McColl’s bidder urged to engage with pension trustees

The trustees of the McColl’s pension schemes have written to the co-chief executive officers and chairman of EG Group, one of the leading bidders for McColl’s Retail Group, to ask the company to begin engaging with the trustees.

They have also written to the Department for Work and Pensions and the Department for Business, Energy and Industrial Strategy, asking the government to use whatever levers it can to ensure that members’ benefits are protected.

McColl’s, which has two pension schemes, the TM Pension Plan (TMPP) with 915 members and the TM Group Pension Scheme (TMGPS) with 1,170 members, appointed administrators last week.

“Any company looking to acquire McColl’s must do the decent thing and ensure that promises made to staff about their pensions are honoured,” a spokesperson for the trustee of the McColl’s pension schemes said.

“We would be extremely surprised if any organisation with an interest in demonstrating good corporate citizenship were to use a pre-pack administration to cease supporting the schemes, with absolutely no engagement with the trustees.

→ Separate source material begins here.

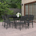 Mit ihrem stilvollen Design und dem robusten Stahlrahmen ist diese Essgruppe die perfekte Wahl für deinen Außenbereich. Die schlichte Eleganz dieser Essgarnitur macht jedes Abendessen zu etwas Besonderem. Diese Garten-Essgruppe besitzt pulverbeschichtete Stahlrahmen, die den Tisch und die Stühle stabil und langlebig machen. Die komfortablen Essstühle sind mit strapazierfähigem und pflegeleichtem Textilene bezogen. Die Stühle lassen sich zudem aufeinander stapeln, um bei Nichtgebrauch Platz zu sparen. Hinweis: Um die Lebensdauer deiner Gartenmöbel zu verlängern, empfehlen wir dir, sie mit einer wasserdichten Abdeckung zu schützen.

“It is a matter of great regret to the trustees that the current legislative framework for pensions appears unable to protect members' benefit entitlements in this situation.

“The schemes currently receive £1.75m a year from McColl’s in deficit recovery contributions, and are sufficiently well funded such that these payments are due to end next year.

“Therefore the cost to any bidder in taking on the schemes is negligible in the context of the value of the overall transaction, but would make an enormous difference to individual members of the schemes, who stand to lose out if the link to the company is lost.”

The schemes’ trustees have already put out a statement urging any potential bidders to respect the pension promises made to members and to not see to break the link between the schemes and the company.

The TMGPS is fully funded on a statutory ongoing funding basis and does not need any deficit recovery contributions, while the TMPP is expected to be fully funded on the same basis next year, at which point the current £1.75m annual deficit recovery contributions are expected to cease.

The TMGPS has a Section 75 deficit of less than £1m, while the TMPP has a Section 75 deficit of £15m.

Both schemes are fully funded on a Pension Protection Fund (PPF) basis, but will be subject to PPF assessment to establish whether the surplus funding is enough to buyout at benefits above PPF compensation levels.